» Material provided:

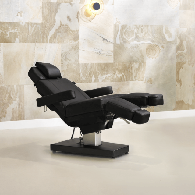 De aluminium voet maakt het mogelijk om verticaal omhoog en omlaag te gaan, hierdoor neemt de stoel minder ruimte in dan vergelijkbare behandelstoelen met een hefboomsysteem. De stoel is uitermate geschikt voor schoonheid en pedicure behandelingen.
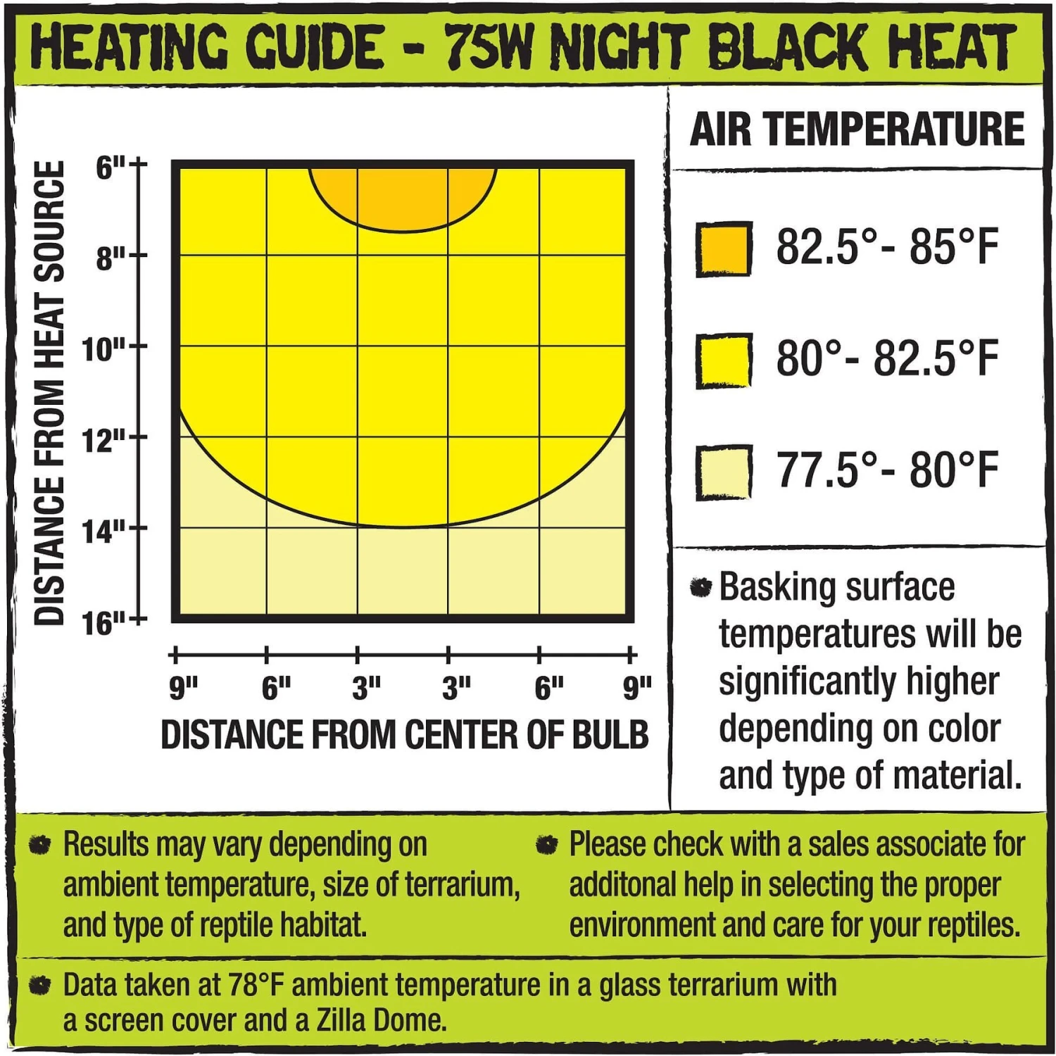 Your scaly sidekick can rest easy when he’s warmed by his Zilla Night Black Incandescent Reptile Terrarium Lamp. The 100 watt bulb features heavy-duty filaments that yield more hours of service than average filaments—providing ambient heat and creating a healthy environment for your pal. Recommended for use with Zilla Reflector Domes (sold separately).
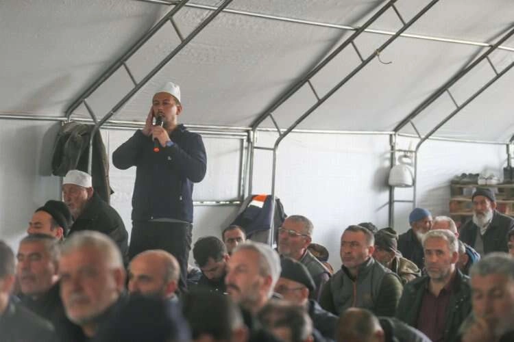 İlçe Müftüsü Hasan Akman'ın depremlerin ardından yardım faaliyeti gerçekleştirdiği sırada kayarak düştüğünü ve ayağının kırıldığını anlatan Özkişi, "Camilerimizin kullanılamaz durumda olması nedeniyle mescit ihtiyacı oluştu. Yesevi Hareketi bu ihtiyacı karşılamayı üstlenmiş, Allah razı olsun. Cuma namazı öncesi mescidimizi dizayn ettik ve ilçe halkının hizmetine açtık. İlgilenen ve emeği geçen herkese teşekkür ediyorum. Allah razı olsun, Allah bu felaketi bir daha yaşatmasın." ifadelerini kullandı.

» Requirement:
Skip the pictures. Please copy exactly the lines from the one with "Your scaly sidekick" through the final line of the material above, both ends included.

» Response to the task:
 Your scaly sidekick can rest easy when he’s warmed by his Zilla Night Black Incandescent Reptile Terrarium Lamp. The 100 watt bulb features heavy-duty filaments that yield more hours of service than average filaments—providing ambient heat and creating a healthy environment for your pal. Recommended for use with Zilla Reflector Domes (sold separately).
 İlçe Müftüsü Hasan Akman'ın depremlerin ardından yardım faaliyeti gerçekleştirdiği sırada kayarak düştüğünü ve ayağının kırıldığını anlatan Özkişi, "Camilerimizin kullanılamaz durumda olması nedeniyle mescit ihtiyacı oluştu. Yesevi Hareketi bu ihtiyacı karşılamayı üstlenmiş, Allah razı olsun. Cuma namazı öncesi mescidimizi dizayn ettik ve ilçe halkının hizmetine açtık. İlgilenen ve emeği geçen herkese teşekkür ediyorum. Allah razı olsun, Allah bu felaketi bir daha yaşatmasın." ifadelerini kullandı.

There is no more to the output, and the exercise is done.